La casa es sencilla, acogedora. Acuarelas en rojo y azul nos
abren paso al dormitorio que, como suele ser habitual, está al fondo a la izquierda o a
la derecha. Huele a pan con tomate y a fruta, el marido de Lola se disponía a
desayunar cuando hemos llamado a la puerta. Tras unas breves frases susurradas
sobre el mantel de la mesa de la cocina, nos adentramos pasillo adelante.
Entramos
despacio, tranquilas - la cama ubicada fuera de su lugar para hacerla más práctica-,
y tras el primer paso nos invade un dolor espeso y una profunda pena. Lola abre
los ojos y apenas nos mira, su vista recorre la habitación, a su marido, a su
hija y al pequeño perro que se adapta a la forma de su cuerpo, sobre la colcha.

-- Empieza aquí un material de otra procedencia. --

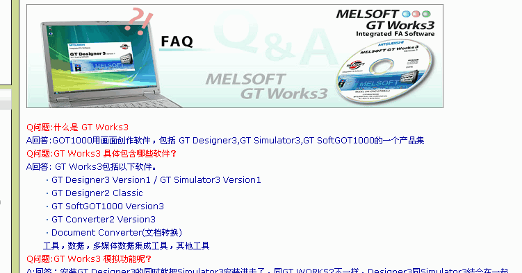 不知道你們有沒有去下載頁看說明,這個說了已經(jīng)很清楚了,是GT-WORKS3 不僅僅是GT Designer3,為什么沒有傳說中的中1G那么大,是因為省了很多文檔,因為那些文檔日文的,并不是很容易看懂 ![]() |
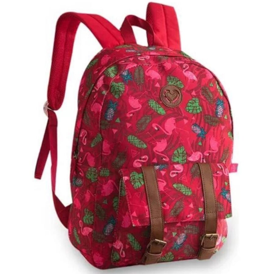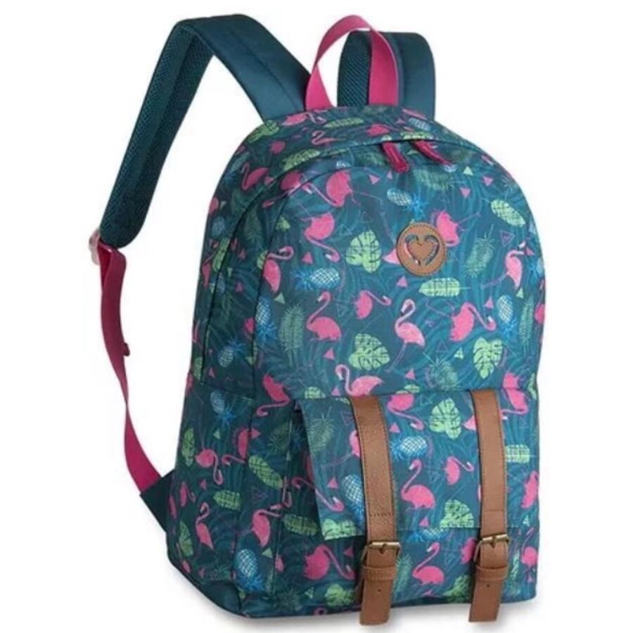 A imagem enviada mostra uma mochila escolar clio style estampada com flamingos, usando tons vivos que chamam atenção.
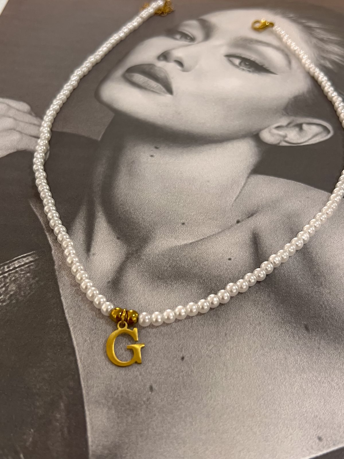 Colar letra G pérola em aço inoxidável com extensor.
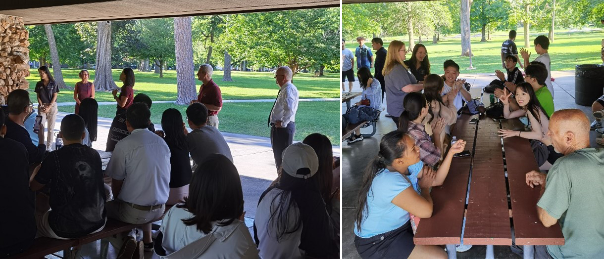 美国当地时间2023年8月9日晚,13名2020级植物科学与技术专业员工在公司中外合作办学办公室主任刘志斋的带领下,顺利抵达布兰森国际机场。密苏里州立大学(MSU)副董事长Brad与山林校区董事长Chin-Feng Hwang(黄晋丰)教授,率中国项目办公室和国际领导力培训中心(ILTC)的老师,一起到机场迎接。
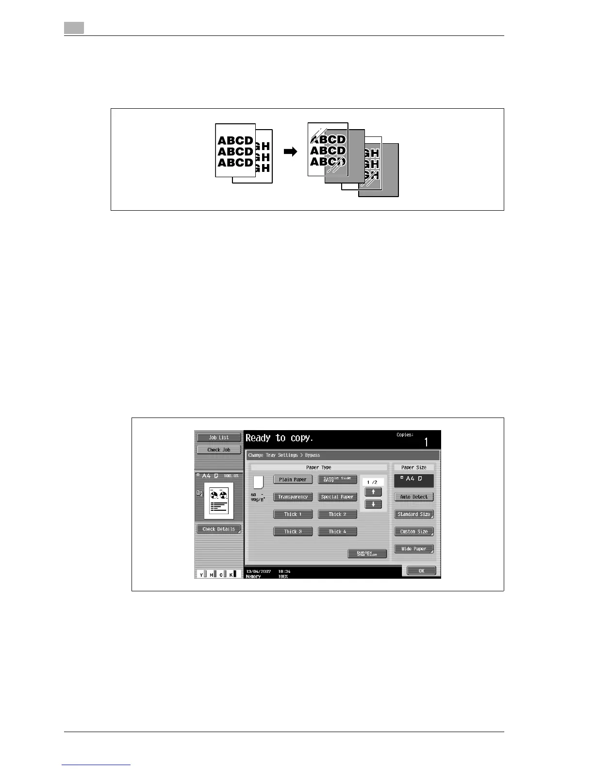 4 Select [Transparency] as the paper type for the bypass tray, and then touch [OK].
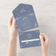 Dusty Blue Monogram and Arrows Wedding All In One Invitation

Nos cuentan que él se jubiló en febrero y su hija se casó en
abril y está embarazada. Lola tiene 57 años y apenas ha visitado al médico un
par de veces en su vida. Una vida sana, remarca
su marido.
Hace apenas 20 días fue diagnosticada de una neoplasia de páncreas
en estadio avanzado, tras una visita casual a urgencias a causa de una
tromboflebitis. Todavía estuporosa, no sale de su asombro, “Si hace un mes yo estaba tan bien, mi vida era normal... Ahora tengo una
losa sobre mi cabeza que ocupa todo mi pensamiento. Todo lo demás se ha ido
difuminando, ha desaparecido. No puedo pensar en nada más”, dice sin
mirarnos mientras las lágrimas recorren su preciosa cara. “Por qué a mí?, pregunta a alguien o a algo, no a nosotras. El
silencio se pasea por la habitación, no tenemos respuesta. No es queja, ni
lamento. Es la vida y la muerte caminando al unísono. Habla despacio, con calma
contenida. “No se han equivocado, cada
día estoy peor. Pero no puede ser, no puede estar pasando, no puedo ni imaginármelo
siquiera… Es una pesadilla de la que no consigo despertar”. Las lágrimas continúan su camino, el perro se acurruca cada vez más junto
a ella y un dolor hondo nos traspasa la ropa, empapa nuestra piel llegando
hasta el alma, como la niebla que nos ha acompañado durante todo el viaje hasta
su casa.
Nos acabamos de conocer, es la primera visita. Nada sirve,
solo estar, escuchar, acompañar, acariciar, mirar... Yo no me atrevo a decir nada
que entorpezca el desahogo, la rabia, la expresión de su dolor. Sólo el
silencio nos corteja.
Su esposo y su hija asisten mudos en un segundo plano,
elegido por ellos.
No soy consciente del tiempo que permanecemos allí. La vida se ha detenido. Pero creo que es una de las visitas más dolorosas que recuerdo.